Git also allows to use symbolic names to designate some commits. For example HEAD can be used instead of a commit identifier and always refer to the last commit in the history. It is also possible to use a relative position in the history from HEAD (i.e. before HEAD) with the following syntax: HEAD~n where is n is a number referring to the nth predecessor of HEAD (for example, HEAD~1 is the commit just before the last one, HEAD~3 is the third commit before the last one).

Looking at changes#

In addition to looking at the commit history, it is often useful to know the changes made by a commit or a serie of commits. The command allowing this is:

git diff first_commit_id..last_commit_id [-- file_or_directory]

where first_commit_id and last_commit_id are commit identifiers (see Commit identifiers). It is possible to restrict the changes displayed to those affecting some specific files by giving the file or directory names after -- (followed by a space).

git diff behaviour varies slightly depending of the options given and the state of the working directory (whether changes have been staged or not to be included in the next commit):

When a range of commit identifiers are specified, it shows the differences since the first commit (not included) up to the last commit (included).
When only one commit identier is specified, it show the differences since the commit specified (not included), including staged and unstaged changes in the working directory.
When ommiting the commit identifiers, the command displays the differences between the last commit and the changes to tracked files present in the working directory but not yet included in the next commit (changes showed under Changes not staged for commit by git status, see Checking the state of the working directory).
To see changes in the working directory (compared to last commit) not yet committed but already marked for addition in the next commit (changes showed under changed to be commited by git status), it is necessary to add the option --cached.

Reverting committed changes#

The usual approach to revert committed changes is to add a new commit that reverts the inappropriate changes. Apart from manually producing the (reverse) changes required, you can use Git commands. The command to use is different whether you want to revert an entire commit or only revert changes to some files in the commit:

Reverting an entire commit: git revert commit_id. Note that this command, depending on what happened since the commit that will be reverted, may produce conflicts. See below the sections about conflicts. Before running this command, you need to discard any change in your working directory (See section Discard changes).
Reverting a specific file to a previous version: git checkout commit_id -- file. This will restore in the working directory the file as it was in commit commit_id. Then you need to commit this version using the usual procedure.

Note: another approach is called history rewriting. This is a very advanced feature whose misuse can be catastrophic. For this reason it is not described in this documentation. Refer to `Git Book <http://git-scm.com/book>`_ if you think you have a good reason for using this feature.

Discarding last commits#

git reset is a command that allows to undo the last commits. By default, changes are not lost: the indicated commits are removed from the history but the corresponding changes are kept in the working copy (appearing as Changes not staged for commit or Untracked files if the files were added), so that it is possible to commit again the same changes. This command also accepts some options that allow to completely discard the changes made by the last commits, in particular option --hard: these options must be considered as advanced features and must not be used if their consequences are not well understood!

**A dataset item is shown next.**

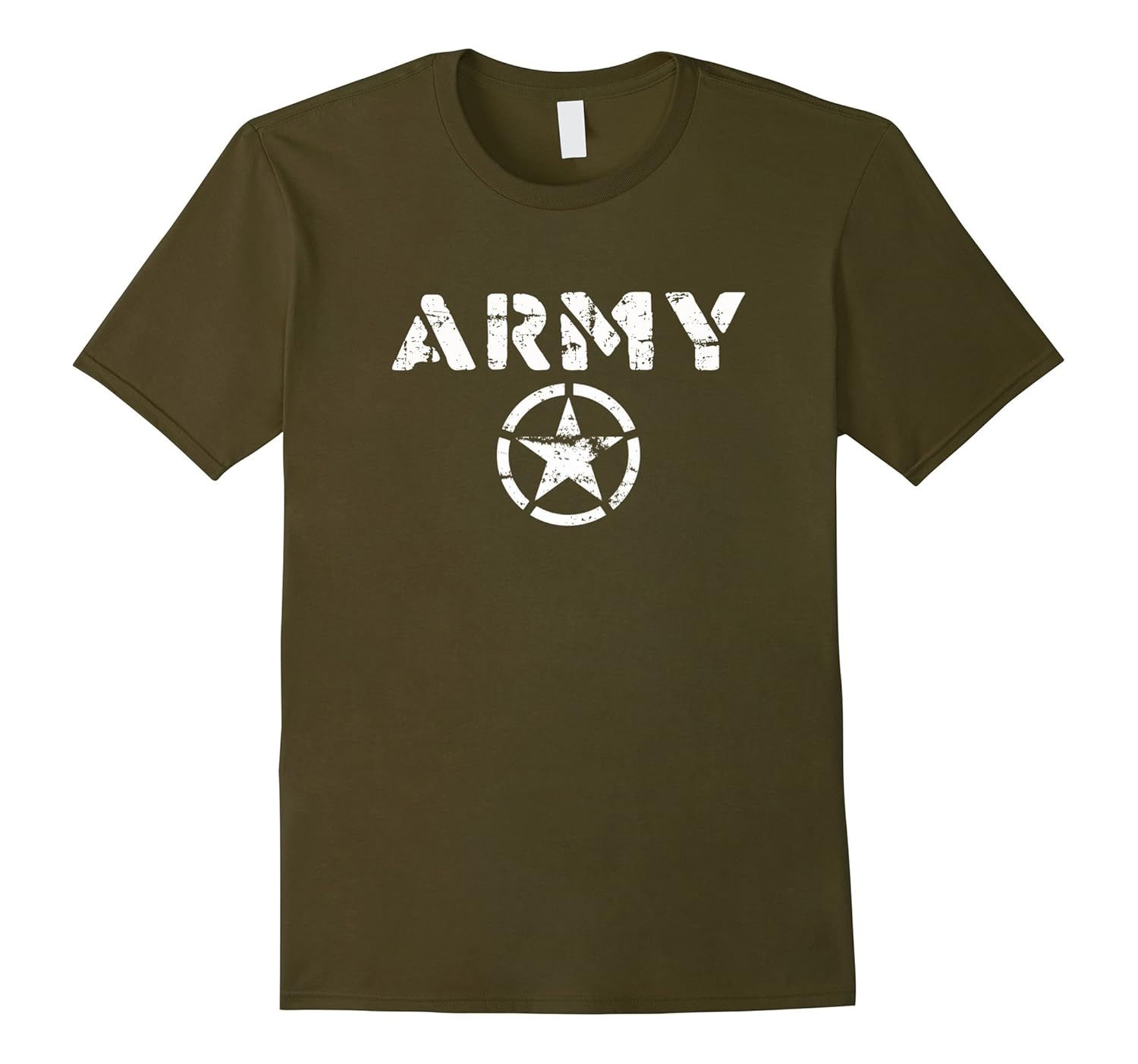 Solid colors: 100% Cotton; Heather Grey: 90% Cotton, 10% Polyester; All Other Heathers: 65% Cotton, 35% Polyester, Imported, Machine wash cold with like colors, dry low heat, Army Tee, Army T Shirt, Army Star, Armed Forces T-Shirt, Lightweight, Classic fit, Double-needle sleeve and bottom hem

The command syntax for its default behaviour is:

git reset commit_id

where commit_id is a commit identifier (see Commit identifiers). commit_id is the last commit to be preserved: all the further commits will be removed from the history and after the command HEAD will refer to commit_id.

History clean up#

One advanced feature of Git is the ability to modify the history, that means to delete any commit from the history, change the order of the commits or merge several commits into one (squash commits). In itself this is a very dangerous feature if used inappropriately: in particular, the history must never been rewritten if the changes have already been shared with others (see Collaboration with Other Developers section).

There is one situation where modifying the history is useful, keeping in mind that it must be done before sharing the changes with others: to clean up the modification history after completing a “development step”. Quite often, fixing a problem or adding a new feature is done incrementally, resulting in an history with a lot of related commits that reflects different attempts or wrong directions taken during the development (it is a best practice to commit often in his personnal reppository, even things that are not working yet or not completely tested). In this situation, it is generally desirable to cleanup the history and keep only a set of commits that really reflects the changes required to address the objective of the development.

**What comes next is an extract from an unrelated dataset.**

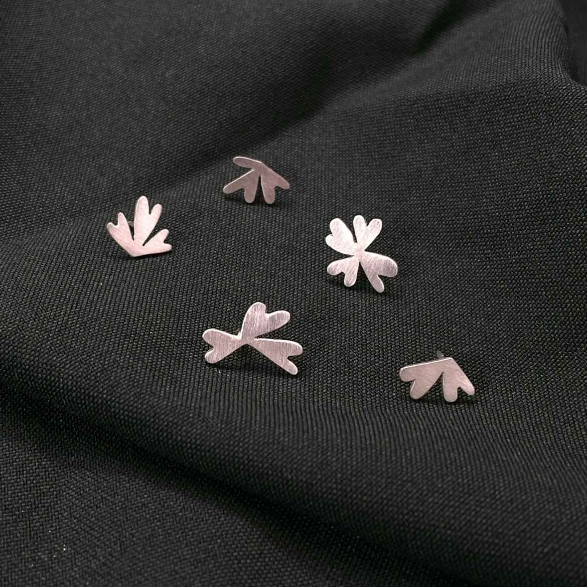 små Pins/broscher i 925 silver, matterad yta.
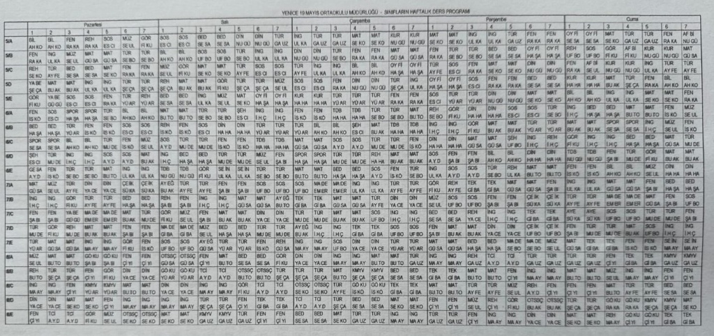 Haftalık Ders Programı

To achieve this, it is possible to use the command git rebase -i: note that -i option is mandatory in this context (git rebase is a much more general command, with many advanced features, not covered here). The command syntax is:

git rebase -i commit_id

where commit_id is a commit identifier (see Commit identifiers). This command opens an editor window with all the commits from commit_id to HEAD listed each one a separate line. Each line starts with an action that will be applied to the commit, the default one, pick, meaning that the commit will be kept as such in the rebase (history rewritting) operation. This default operation can be changed to one of the others allowed (see the text in the editor window) and the order of the commits can be changed by changing the order of the lines in the editor window. When changing the order of the commits, Git checks that this doesn’t cause conflicts (with a subsequent change in the new history modifying the same part of a file as the commit moved). One of the actions, squash, allows to merge 2 or more consecutive commits into one. When merging them, Git asks for a new commit message for the merged commit (proposing the original commit messages as the default).

If the rebase operation results in a conflict (see Conflicts section), the working directory is put in a special state (displayed by git status) that allows to fix the problem and continue the rebase or to abort the rebase:

To abort the rebase (the easiest!), the command is git rebase --abort.
If the problems were fixed and you want to continue the rebase operation, the command is git rebase --continue.

When exiting the editor window without any change, the rebase operation is aborted and no change happens.

Branches#

What is a branch?#

Up to now, we learned about the history, how it is organised, how we can navigate through it or even modify it. But having only one unique history of all the modifications in a repository will not allow to deal with the real life where, for a given project, you generally need to work on several different things in parallel, to maintain a stable version and one or several development versions, where you want to try new ideas without impacting other things. To address this need, Git, as all versioning systems, allow to create several branches in the same repository. Each branch allows to record a distinct history of changes. Each branch has its own HEAD (also called the tip of the branch) that always refers to the last commit in the branch.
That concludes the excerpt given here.